* TRY IT *
With pictures excluded, give again exactly the lines running from the one holding "Ungefähr dreißig Kilometer" through the end of the listing below.

* AVAILABLE DATA *

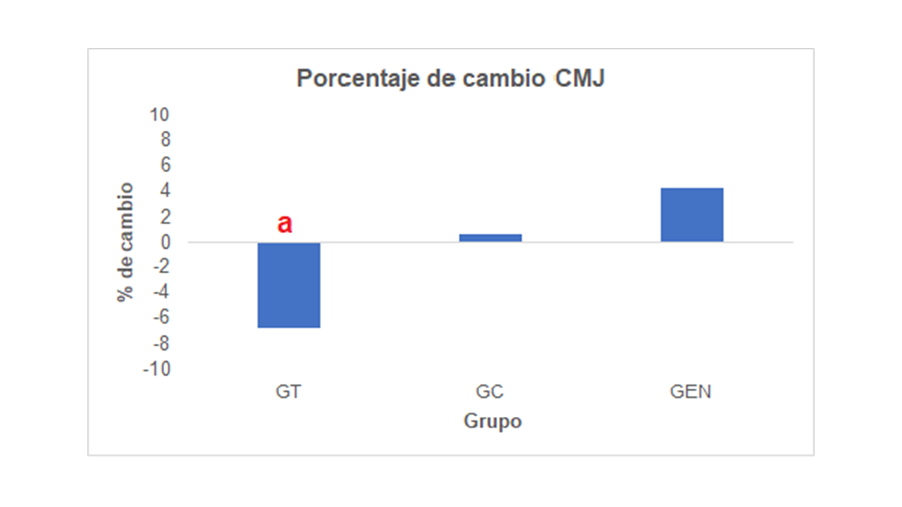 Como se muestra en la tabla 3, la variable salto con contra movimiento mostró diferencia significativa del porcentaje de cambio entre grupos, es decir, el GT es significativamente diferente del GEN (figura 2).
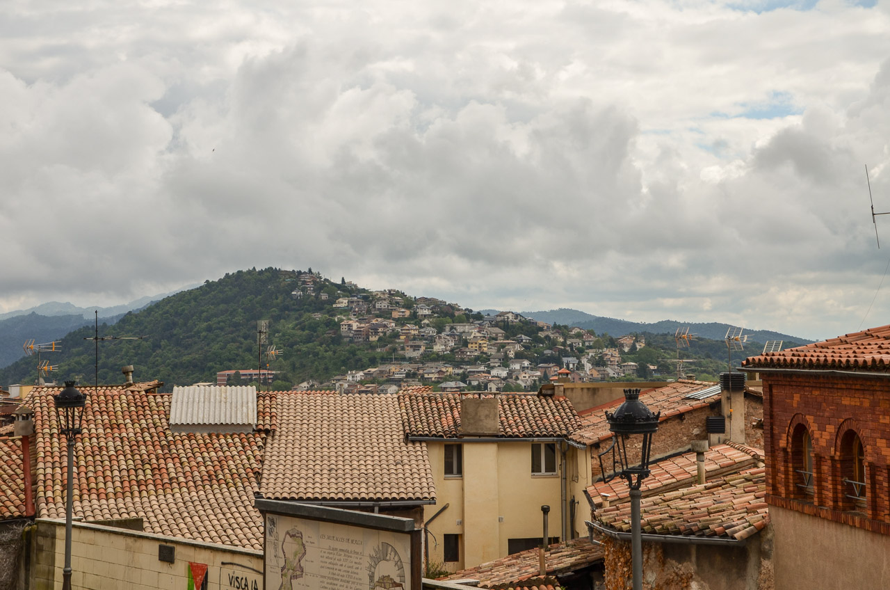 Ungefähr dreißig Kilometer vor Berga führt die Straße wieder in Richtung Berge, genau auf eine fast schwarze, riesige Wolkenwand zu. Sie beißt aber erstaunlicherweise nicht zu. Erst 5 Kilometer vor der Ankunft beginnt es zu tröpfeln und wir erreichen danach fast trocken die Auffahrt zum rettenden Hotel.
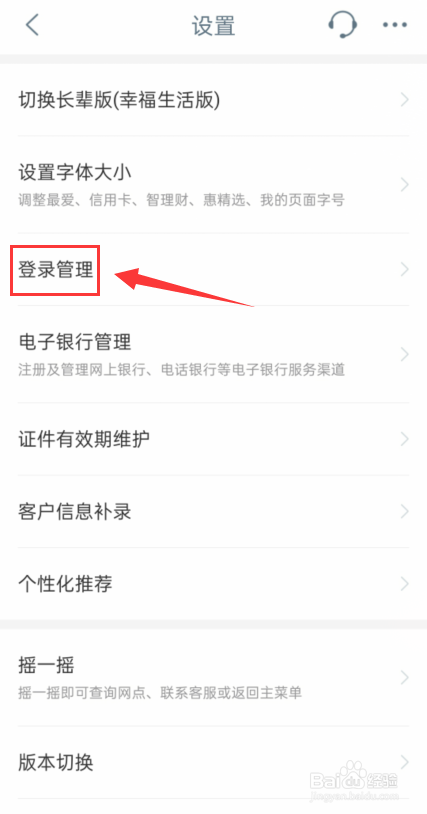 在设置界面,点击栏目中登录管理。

* EXERCISE RESULT *
 Ungefähr dreißig Kilometer vor Berga führt die Straße wieder in Richtung Berge, genau auf eine fast schwarze, riesige Wolkenwand zu. Sie beißt aber erstaunlicherweise nicht zu. Erst 5 Kilometer vor der Ankunft beginnt es zu tröpfeln und wir erreichen danach fast trocken die Auffahrt zum rettenden Hotel.
 在设置界面,点击栏目中登录管理。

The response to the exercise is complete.